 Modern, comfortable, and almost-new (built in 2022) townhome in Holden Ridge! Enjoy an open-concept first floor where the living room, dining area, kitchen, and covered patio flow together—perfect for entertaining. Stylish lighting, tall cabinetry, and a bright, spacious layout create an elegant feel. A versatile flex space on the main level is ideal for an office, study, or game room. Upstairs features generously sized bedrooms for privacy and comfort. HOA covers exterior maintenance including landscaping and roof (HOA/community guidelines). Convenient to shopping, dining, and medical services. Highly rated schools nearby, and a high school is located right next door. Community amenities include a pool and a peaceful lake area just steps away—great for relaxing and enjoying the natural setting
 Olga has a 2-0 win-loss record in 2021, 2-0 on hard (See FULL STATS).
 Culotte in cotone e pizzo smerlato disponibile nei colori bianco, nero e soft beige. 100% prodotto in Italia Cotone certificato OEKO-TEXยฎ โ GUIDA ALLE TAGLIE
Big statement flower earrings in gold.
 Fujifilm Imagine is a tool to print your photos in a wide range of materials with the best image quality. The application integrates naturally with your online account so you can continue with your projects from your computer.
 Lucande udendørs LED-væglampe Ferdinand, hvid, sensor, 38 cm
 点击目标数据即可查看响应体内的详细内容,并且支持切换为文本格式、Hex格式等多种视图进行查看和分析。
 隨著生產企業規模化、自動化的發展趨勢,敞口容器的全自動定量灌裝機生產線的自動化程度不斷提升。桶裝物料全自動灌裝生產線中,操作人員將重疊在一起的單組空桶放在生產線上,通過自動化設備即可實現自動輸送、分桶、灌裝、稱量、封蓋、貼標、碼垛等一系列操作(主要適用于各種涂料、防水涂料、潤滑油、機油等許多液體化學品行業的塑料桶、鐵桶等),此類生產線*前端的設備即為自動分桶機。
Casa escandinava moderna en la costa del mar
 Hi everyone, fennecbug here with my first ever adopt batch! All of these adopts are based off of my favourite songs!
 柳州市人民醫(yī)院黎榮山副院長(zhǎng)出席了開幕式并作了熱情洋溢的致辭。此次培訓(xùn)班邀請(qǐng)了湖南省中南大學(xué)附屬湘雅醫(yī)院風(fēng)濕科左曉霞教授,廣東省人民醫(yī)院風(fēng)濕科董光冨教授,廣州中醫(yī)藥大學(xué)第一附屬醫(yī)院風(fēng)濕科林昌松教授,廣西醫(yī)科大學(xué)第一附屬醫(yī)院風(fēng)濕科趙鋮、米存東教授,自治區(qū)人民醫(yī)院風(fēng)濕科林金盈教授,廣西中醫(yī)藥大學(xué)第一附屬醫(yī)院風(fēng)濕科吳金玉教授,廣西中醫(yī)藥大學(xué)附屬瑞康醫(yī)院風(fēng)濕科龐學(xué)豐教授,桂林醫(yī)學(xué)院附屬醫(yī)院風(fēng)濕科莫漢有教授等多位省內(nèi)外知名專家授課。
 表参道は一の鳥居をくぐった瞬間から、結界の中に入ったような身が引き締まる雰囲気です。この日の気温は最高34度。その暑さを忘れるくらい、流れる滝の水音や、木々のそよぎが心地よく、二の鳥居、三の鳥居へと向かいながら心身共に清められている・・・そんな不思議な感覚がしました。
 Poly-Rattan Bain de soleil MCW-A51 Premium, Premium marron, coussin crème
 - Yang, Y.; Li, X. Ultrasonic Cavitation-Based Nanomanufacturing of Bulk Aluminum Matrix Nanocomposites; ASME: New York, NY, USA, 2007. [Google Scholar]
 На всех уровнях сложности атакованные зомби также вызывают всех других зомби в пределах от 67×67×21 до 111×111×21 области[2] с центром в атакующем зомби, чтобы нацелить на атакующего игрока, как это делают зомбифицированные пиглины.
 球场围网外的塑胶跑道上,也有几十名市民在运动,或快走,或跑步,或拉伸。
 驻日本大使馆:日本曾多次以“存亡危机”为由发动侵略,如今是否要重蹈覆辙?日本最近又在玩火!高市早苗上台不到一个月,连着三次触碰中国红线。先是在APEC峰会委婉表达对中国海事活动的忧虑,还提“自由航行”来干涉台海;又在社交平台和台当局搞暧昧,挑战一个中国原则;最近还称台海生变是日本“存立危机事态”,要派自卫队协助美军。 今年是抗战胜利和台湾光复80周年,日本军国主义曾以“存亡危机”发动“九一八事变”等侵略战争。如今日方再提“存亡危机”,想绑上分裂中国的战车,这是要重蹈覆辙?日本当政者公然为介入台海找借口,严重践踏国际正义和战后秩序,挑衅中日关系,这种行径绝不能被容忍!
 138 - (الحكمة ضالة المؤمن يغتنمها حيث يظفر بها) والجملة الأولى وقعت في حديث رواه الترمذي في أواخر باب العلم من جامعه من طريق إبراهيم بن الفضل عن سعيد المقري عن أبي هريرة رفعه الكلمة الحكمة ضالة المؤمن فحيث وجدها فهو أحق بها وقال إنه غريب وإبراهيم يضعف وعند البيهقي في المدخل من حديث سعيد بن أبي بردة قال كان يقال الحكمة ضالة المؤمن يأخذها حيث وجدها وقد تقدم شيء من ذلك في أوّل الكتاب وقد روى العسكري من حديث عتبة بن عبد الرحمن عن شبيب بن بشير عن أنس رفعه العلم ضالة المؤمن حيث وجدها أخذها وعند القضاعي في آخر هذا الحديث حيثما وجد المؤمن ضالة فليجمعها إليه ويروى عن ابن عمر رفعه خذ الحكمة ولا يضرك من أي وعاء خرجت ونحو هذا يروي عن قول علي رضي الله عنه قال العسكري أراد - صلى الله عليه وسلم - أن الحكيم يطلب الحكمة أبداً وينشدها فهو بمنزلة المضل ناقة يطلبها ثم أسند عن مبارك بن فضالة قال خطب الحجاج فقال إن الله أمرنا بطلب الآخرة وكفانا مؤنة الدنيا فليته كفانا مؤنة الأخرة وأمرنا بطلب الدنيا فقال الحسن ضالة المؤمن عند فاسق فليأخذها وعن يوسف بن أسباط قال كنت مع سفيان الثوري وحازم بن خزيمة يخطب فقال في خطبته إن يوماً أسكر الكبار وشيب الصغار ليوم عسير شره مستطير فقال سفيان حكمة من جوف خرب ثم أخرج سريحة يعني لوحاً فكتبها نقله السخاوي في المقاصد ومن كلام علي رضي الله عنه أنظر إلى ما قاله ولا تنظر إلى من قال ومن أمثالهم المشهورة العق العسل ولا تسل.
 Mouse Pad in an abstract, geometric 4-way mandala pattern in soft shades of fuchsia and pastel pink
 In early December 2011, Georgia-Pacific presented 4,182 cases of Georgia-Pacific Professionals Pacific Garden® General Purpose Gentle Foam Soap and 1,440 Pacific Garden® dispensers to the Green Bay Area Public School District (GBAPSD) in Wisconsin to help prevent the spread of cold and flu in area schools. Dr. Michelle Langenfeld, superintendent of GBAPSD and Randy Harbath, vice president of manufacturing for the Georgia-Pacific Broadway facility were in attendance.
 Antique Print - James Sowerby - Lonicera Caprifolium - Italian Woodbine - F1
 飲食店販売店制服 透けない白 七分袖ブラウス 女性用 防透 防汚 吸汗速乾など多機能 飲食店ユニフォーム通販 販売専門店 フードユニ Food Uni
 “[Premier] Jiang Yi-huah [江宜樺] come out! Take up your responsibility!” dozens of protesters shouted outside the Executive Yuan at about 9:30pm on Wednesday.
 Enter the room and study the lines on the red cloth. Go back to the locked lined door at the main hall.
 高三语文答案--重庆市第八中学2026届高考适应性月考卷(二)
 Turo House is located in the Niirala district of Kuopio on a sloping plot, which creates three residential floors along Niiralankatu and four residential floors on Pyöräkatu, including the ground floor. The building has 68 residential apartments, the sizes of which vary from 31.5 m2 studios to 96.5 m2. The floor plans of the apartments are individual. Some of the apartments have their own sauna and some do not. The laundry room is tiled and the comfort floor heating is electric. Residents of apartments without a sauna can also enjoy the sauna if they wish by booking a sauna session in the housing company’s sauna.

ASSIGNMENT
In the listing above, show every line with the word "soft".

ANSWER TO THIS TASK
 Culotte in cotone e pizzo smerlato disponibile nei colori bianco, nero e soft beige. 100% prodotto in Italia Cotone certificato OEKO-TEXยฎ โ GUIDA ALLE TAGLIE
 Mouse Pad in an abstract, geometric 4-way mandala pattern in soft shades of fuchsia and pastel pink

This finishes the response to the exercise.